By w s / June 8, 2017

Starting out with mobile development, I went ahead and implement the functionality that is very similar to the web version of the application.

Little did I know that things that are automatically handled for me in the web must be handled manually in mobile.

With react-native, we also need to pay attention to the subtle differences between iOS app and Android app which may not be immediately visible.

I wish somebody had told me about the following things before building a mobile application.

1. Detecting if application is online

When it comes to server backed application, it’s very important to detect if the mobile application has access to the internet.

The last thing you would want is for the application to try sending data to the server but failing due to no-connectivity.

When not handled properly, this can easily crash your app.

Lucky for us, react-native has a built in mechanism to detect the device’s state of the network.

Through the use of NetInfo, we can easily detect the state of network.

2. Upgrade notice

While we can easily push new javascript files (hash or with some sort of cache busting mechanism) in the web, in react-native we can’t simply push the update of new updates.

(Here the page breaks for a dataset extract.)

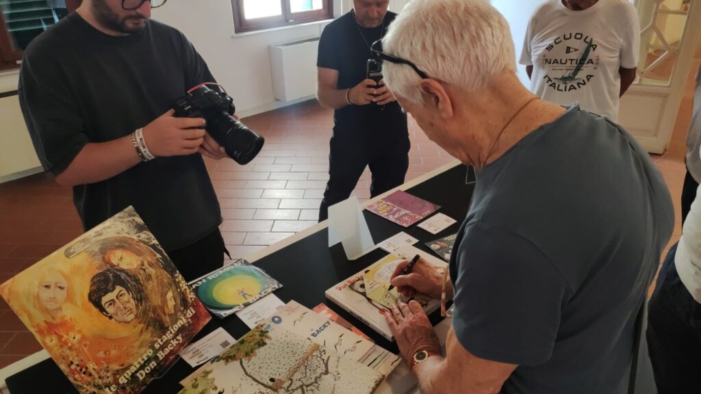 E' stata una visita gradita e piacevole, Don Backy mentre visitava la mostra ha avuto modo di raccontare storie e aneddoti legati a molti dei dischi in esposizione, lui che esordì all'inizio degli anni '60 ha conosciuto praticamente tutto il mondo della musica italiana e non solo. In particolare i suoi dischi sono stati l'occasione per ripercorrere, dalla voce di un testimone diretto, la storia del Clan e dell'epopea artistica del cantante santacrocese. Don Backy ha raccontato anche della sua passione per le arti grafiche e in particolare della sua attività di disegnatore, che lo portò anche ad auto produrre alcune copertine dei suoi dischi. “Ho sempre avuto una passione per il fumetto e per il disegno e in particolare per Ugo Pratt, tanto che molti anni fa realizzai una storia in parte ispirata a Corto Maltese, disegnando io stesso le tavole che poi fu al centro di una serie di trasmissioni della Rai”.

Especially if your app relies on different version of server API, it’s a very good idea to build an upgrade notifier in your application.

For javascript files update, you can tap into the power of CodePush.
Depending on your application behaviour however, you may want to notify user before downloading the updates to your application.

3. Navigation in Android vs iOS (drawer vs tabs)

At the time of writing, Android phone users are used to a different navigation option as opposed to iOS phone users.

In Android phone, people are very used to having a drawer that contains all the main menu for the application.

Additionally, Android users are used to having a back button at the bottom of their phone to go back a scene or even quit the application.

On the other hand, iOS users are so accustomed to using tab bars to go through different scenes in the application.

Drawers are a little out of the element for iOS users.

IOS users are also not accustomed to having back button at the bottom of their phone but a back arrow as part of the navigational bar.

4. Welcome screen

As opposed to web applications where we can use tours (such as tourbus or react-joyride), mobile application users are more accustomed to having slides as part of the welcome screens.

Mobile applications should be kept really simple so users can instinctively understand what they need to do to utilise the functionalities in the application itself.

5. Auto re-login (remember me)

In most mobile app that requires login, it is a common practice to stay logged-in after the first time login attempt.

As opposed to web application where user needs to check or uncheck the remember me button, in mobile app its almost expected to be automatic.

For server backed application, this can be easily achieved with token based authentication. For example, with OAuth by refreshing user’s access token whenever they are re-opening the app.

 

Those are 5 things that I did not think about until I was about to release my first mobile application.

How about you? Let me know in the comments, I would love to know your experiences.